Collected data =
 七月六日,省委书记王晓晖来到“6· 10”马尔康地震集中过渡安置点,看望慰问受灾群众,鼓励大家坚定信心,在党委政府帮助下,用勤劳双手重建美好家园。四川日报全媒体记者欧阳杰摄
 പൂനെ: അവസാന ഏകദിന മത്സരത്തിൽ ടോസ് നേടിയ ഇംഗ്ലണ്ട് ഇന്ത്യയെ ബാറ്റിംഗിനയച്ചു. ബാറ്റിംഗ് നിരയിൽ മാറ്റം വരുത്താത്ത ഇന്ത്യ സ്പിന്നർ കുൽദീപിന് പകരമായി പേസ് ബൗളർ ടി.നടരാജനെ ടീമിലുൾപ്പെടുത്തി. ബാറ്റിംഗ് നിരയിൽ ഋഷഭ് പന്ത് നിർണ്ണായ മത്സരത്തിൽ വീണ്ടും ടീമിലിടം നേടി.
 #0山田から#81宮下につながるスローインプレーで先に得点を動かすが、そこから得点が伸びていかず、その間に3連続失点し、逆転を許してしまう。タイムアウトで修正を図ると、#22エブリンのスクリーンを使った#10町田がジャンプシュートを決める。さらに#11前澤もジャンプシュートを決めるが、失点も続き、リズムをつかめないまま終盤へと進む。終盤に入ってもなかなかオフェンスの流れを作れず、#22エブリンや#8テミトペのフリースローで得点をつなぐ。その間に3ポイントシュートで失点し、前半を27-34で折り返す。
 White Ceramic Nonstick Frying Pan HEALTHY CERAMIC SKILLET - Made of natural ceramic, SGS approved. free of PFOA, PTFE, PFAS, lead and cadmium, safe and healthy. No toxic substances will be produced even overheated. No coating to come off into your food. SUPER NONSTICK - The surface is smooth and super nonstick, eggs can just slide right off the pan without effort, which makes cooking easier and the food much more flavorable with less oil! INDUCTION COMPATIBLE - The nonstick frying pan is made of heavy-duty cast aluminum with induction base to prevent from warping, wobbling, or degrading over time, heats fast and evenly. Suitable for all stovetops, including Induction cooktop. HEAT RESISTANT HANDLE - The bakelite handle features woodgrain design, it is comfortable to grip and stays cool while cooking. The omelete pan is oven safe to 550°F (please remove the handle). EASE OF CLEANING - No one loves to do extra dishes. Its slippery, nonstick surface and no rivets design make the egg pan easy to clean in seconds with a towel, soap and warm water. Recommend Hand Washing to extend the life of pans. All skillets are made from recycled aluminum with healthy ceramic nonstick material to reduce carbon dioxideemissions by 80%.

Work to be completed = Line by line, reproduce the data above exactly.

Expected output =
 七月六日,省委书记王晓晖来到“6· 10”马尔康地震集中过渡安置点,看望慰问受灾群众,鼓励大家坚定信心,在党委政府帮助下,用勤劳双手重建美好家园。四川日报全媒体记者欧阳杰摄
 പൂനെ: അവസാന ഏകദിന മത്സരത്തിൽ ടോസ് നേടിയ ഇംഗ്ലണ്ട് ഇന്ത്യയെ ബാറ്റിംഗിനയച്ചു. ബാറ്റിംഗ് നിരയിൽ മാറ്റം വരുത്താത്ത ഇന്ത്യ സ്പിന്നർ കുൽദീപിന് പകരമായി പേസ് ബൗളർ ടി.നടരാജനെ ടീമിലുൾപ്പെടുത്തി. ബാറ്റിംഗ് നിരയിൽ ഋഷഭ് പന്ത് നിർണ്ണായ മത്സരത്തിൽ വീണ്ടും ടീമിലിടം നേടി.
 #0山田から#81宮下につながるスローインプレーで先に得点を動かすが、そこから得点が伸びていかず、その間に3連続失点し、逆転を許してしまう。タイムアウトで修正を図ると、#22エブリンのスクリーンを使った#10町田がジャンプシュートを決める。さらに#11前澤もジャンプシュートを決めるが、失点も続き、リズムをつかめないまま終盤へと進む。終盤に入ってもなかなかオフェンスの流れを作れず、#22エブリンや#8テミトペのフリースローで得点をつなぐ。その間に3ポイントシュートで失点し、前半を27-34で折り返す。
 White Ceramic Nonstick Frying Pan HEALTHY CERAMIC SKILLET - Made of natural ceramic, SGS approved. free of PFOA, PTFE, PFAS, lead and cadmium, safe and healthy. No toxic substances will be produced even overheated. No coating to come off into your food. SUPER NONSTICK - The surface is smooth and super nonstick, eggs can just slide right off the pan without effort, which makes cooking easier and the food much more flavorable with less oil! INDUCTION COMPATIBLE - The nonstick frying pan is made of heavy-duty cast aluminum with induction base to prevent from warping, wobbling, or degrading over time, heats fast and evenly. Suitable for all stovetops, including Induction cooktop. HEAT RESISTANT HANDLE - The bakelite handle features woodgrain design, it is comfortable to grip and stays cool while cooking. The omelete pan is oven safe to 550°F (please remove the handle). EASE OF CLEANING - No one loves to do extra dishes. Its slippery, nonstick surface and no rivets design make the egg pan easy to clean in seconds with a towel, soap and warm water. Recommend Hand Washing to extend the life of pans. All skillets are made from recycled aluminum with healthy ceramic nonstick material to reduce carbon dioxideemissions by 80%.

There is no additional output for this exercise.